Give back all of the data exactly as it stands, with the pictures removed.

Data below -
^^^^^^^^

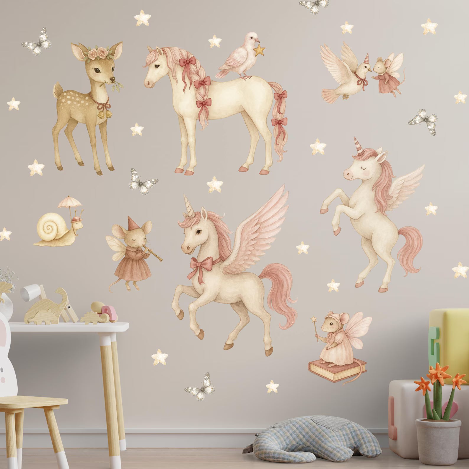 CM: (unicorns β 80x56 cm, 76x55 cm, 66x55 cm; snail β 22x22 cm; dove β 20x20 cm; stars β 7x7 cm)
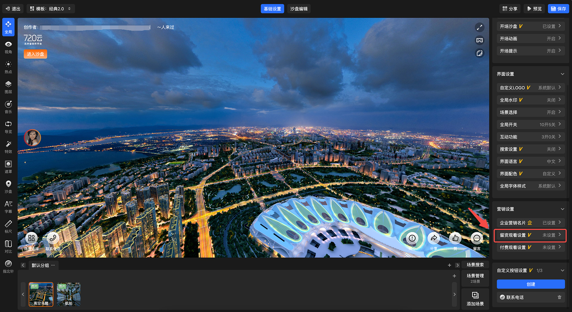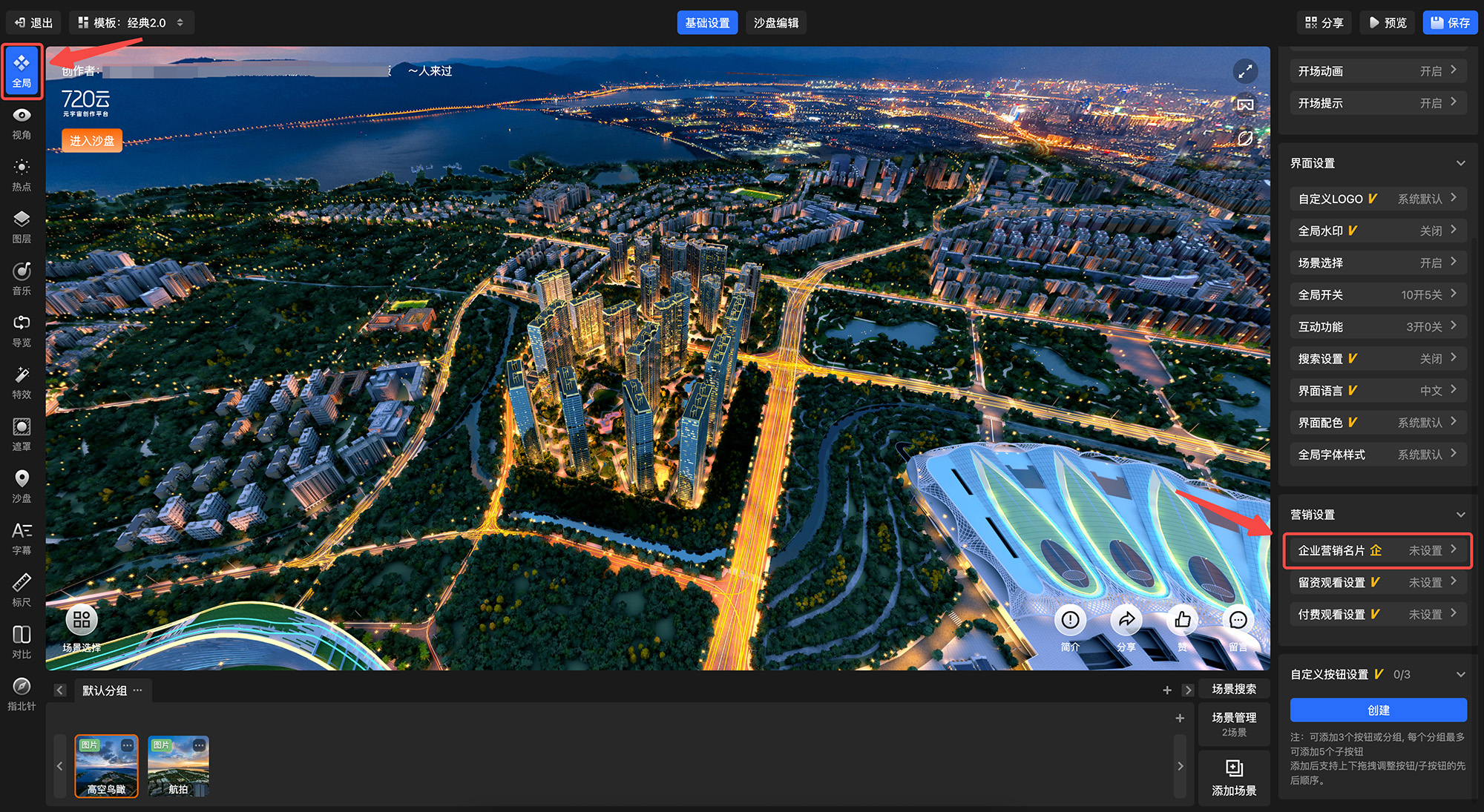 720漫游编辑器-全局设置-企业营销名片-名片样式
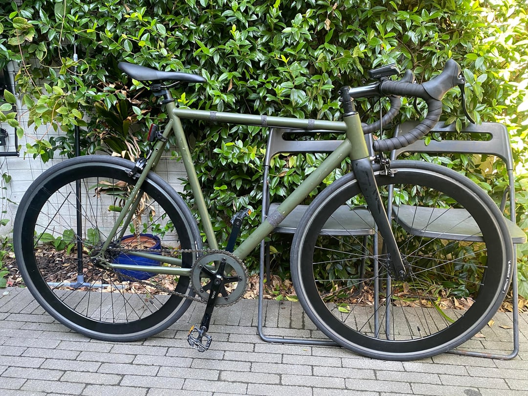 Bought for €80 from a friend with too many bikes. Added drop bars and a new saddle, also had to change the tires bc they were pretty worn. Swipe for the before pic 🙂

^^^^^^^^

Result of the exercise -
 CM: (unicorns β 80x56 cm, 76x55 cm, 66x55 cm; snail β 22x22 cm; dove β 20x20 cm; stars β 7x7 cm)
 720漫游编辑器-全局设置-企业营销名片-名片样式
 Bought for €80 from a friend with too many bikes. Added drop bars and a new saddle, also had to change the tires bc they were pretty worn. Swipe for the before pic 🙂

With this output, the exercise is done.